The world is in crisis, but the superpower doesn’t have people to man the telephones. Over 60 days after its chief executive was inaugurated, the Barack Obama administration has filled in barely 5 per cent of even the roughly 1,000 government posts that require congressional confirmation.
Each new US administration, especially if a new political party comes to power, has to fill as many as 15,000 vacancies. Of these, about 1,100 are important enough to require the approval of the US Senate. The White House Transition Project describes 360 of them as core policy positions. According to the Washington Post’s online headcount, the number of Obama
appointments officially ensconced in office as of last week is 43. This includes seven George W. Bush holdovers.
An Obama foreign policy adviser said, “At this rate, the government will be lucky if it is fully up and running by May. It
could be as long as June.”
The most telling example is the treasury department — the US equivalent of the finance ministry. Wall Street may be laying off thousands, but its governmental counterpart is desperate to hire. Treasury secretary Tim Geithner is the sole confirmed official. None of his 17 deputies have even been announced, let alone confirmed. He has a shadow staff of about 50 people who cannot take decisions.
The Economist noted that the treasury website lists only Geithner on its rolls — it normally has over 120 names. The Transition Project, a nongovernmental group, says Obama is actually a little ahead of the first Bush administration in the nomination process.

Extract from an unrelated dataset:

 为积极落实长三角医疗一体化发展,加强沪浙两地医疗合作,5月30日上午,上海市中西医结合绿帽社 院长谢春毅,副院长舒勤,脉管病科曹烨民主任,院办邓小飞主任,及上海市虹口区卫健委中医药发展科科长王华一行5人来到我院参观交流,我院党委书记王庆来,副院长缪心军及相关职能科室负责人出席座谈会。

Washington observers say another problem is Obama has demanded exceptionally high ethical standards from his appointments. For example, they must not have served as lobbyists or even consultants in the policy areas they will handle in the government. This rules out almost all Beltway policy experts who regularly circulate among government, private sector and academia. The collapse of Senator Tom Daschle’s cabinet nomination also made Obama hypersensitive to ethics.
“You have to be a saint to work in this government. Or a novice in your field,” said a lobbyist. “Ethics is the main reason,” says Ashley Wills, adviser to lobby firm WilmerHale, when asked about the snail’s pace of appointments. “Most folks have some lobbying in their background, have things they don’t want discovered, or don’t even realise they might have done something years ago that would be questioned during confirmation.”

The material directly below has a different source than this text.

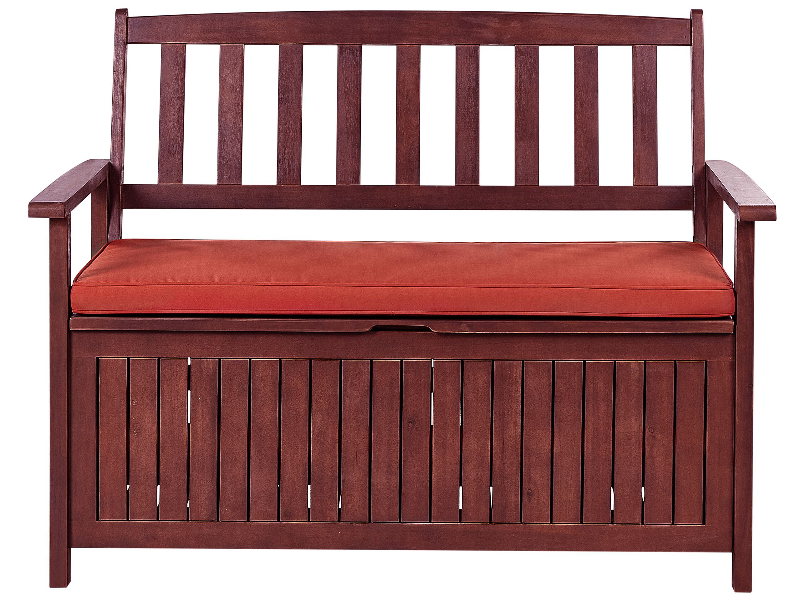 Acacia Wood Garden Bench with Storage 120 cm Mahogany Brown with Red Cushion SOVANA

Geithner is among those struggling to find qualified people. One of his first choices as a deputy, Annette Nazareth, recently withdrew her name. So has a candidate for undersecretary for international affairs, Caroline Atkinson. The US treasury is turning down requests to testify before the US Congress, citing lack of personnel. The British hosts of the upcoming G-20 summit had complained treasury was not replying to their messages.
The situation is aggravated by the nature of the US staffing process. Even though thousands of lower-level positions do not require Senate confirmation, they cannot be filled until the senior slots are done. And these slots must pass the Senate. “There are corridors of power in Washington manned only by old ladies knitting,” said one Obama adviser.